To which greek mythological character is faustus compared in the prologue?

To which greek mythological character is faustus compared in the prologue?
Posted on 08-07-2023

To which greek mythological character is faustus compared in the prologue?

In the prologue of Christopher Marlowe's play "Doctor Faustus," the eponymous protagonist is compared to several mythological and historical figures. However, one character with whom Faustus is often associated in the prologue is Icarus, the famous figure from Greek mythology. This comparison serves to highlight the hubris and ambition of Faustus, paralleling the tragic fate of Icarus who defied the gods and paid a heavy price for his audacity.

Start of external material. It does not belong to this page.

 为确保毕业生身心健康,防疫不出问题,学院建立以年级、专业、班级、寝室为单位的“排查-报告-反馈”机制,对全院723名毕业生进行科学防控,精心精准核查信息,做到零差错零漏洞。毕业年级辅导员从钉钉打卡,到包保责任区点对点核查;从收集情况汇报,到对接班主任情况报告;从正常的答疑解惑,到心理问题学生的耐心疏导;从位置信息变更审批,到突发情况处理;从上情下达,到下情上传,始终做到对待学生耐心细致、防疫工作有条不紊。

To delve into this comparison, we must first examine the character of Faustus and his aspirations. Doctor Faustus is a highly intelligent and ambitious scholar who seeks to gain unlimited power and knowledge through the practice of black magic. Dissatisfied with the limitations of human knowledge, Faustus yearns for a deeper understanding of the universe and craves the ability to transcend his mortal limitations. This insatiable desire for knowledge and power is what leads him to dabble in necromancy and eventually sell his soul to Lucifer in exchange for twenty-four years of unlimited power.

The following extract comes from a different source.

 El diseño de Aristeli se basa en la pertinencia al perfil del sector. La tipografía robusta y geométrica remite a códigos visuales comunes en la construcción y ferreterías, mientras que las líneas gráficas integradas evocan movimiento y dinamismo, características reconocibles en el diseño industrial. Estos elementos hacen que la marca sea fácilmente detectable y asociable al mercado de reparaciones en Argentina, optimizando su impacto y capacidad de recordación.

The myth of Icarus, on the other hand, tells the story of a young man who, along with his father Daedalus, attempts to escape from the island of Crete by fashioning wings made of feathers and wax. Icarus, overcome by the thrill of flying, ignores his father's warning not to fly too close to the sun. As a result, the heat of the sun melts the wax holding his wings together, causing Icarus to fall into the sea and drown. The myth of Icarus is often interpreted as a cautionary tale against excessive ambition and hubris, warning against the dangers of defying the natural order and challenging the gods.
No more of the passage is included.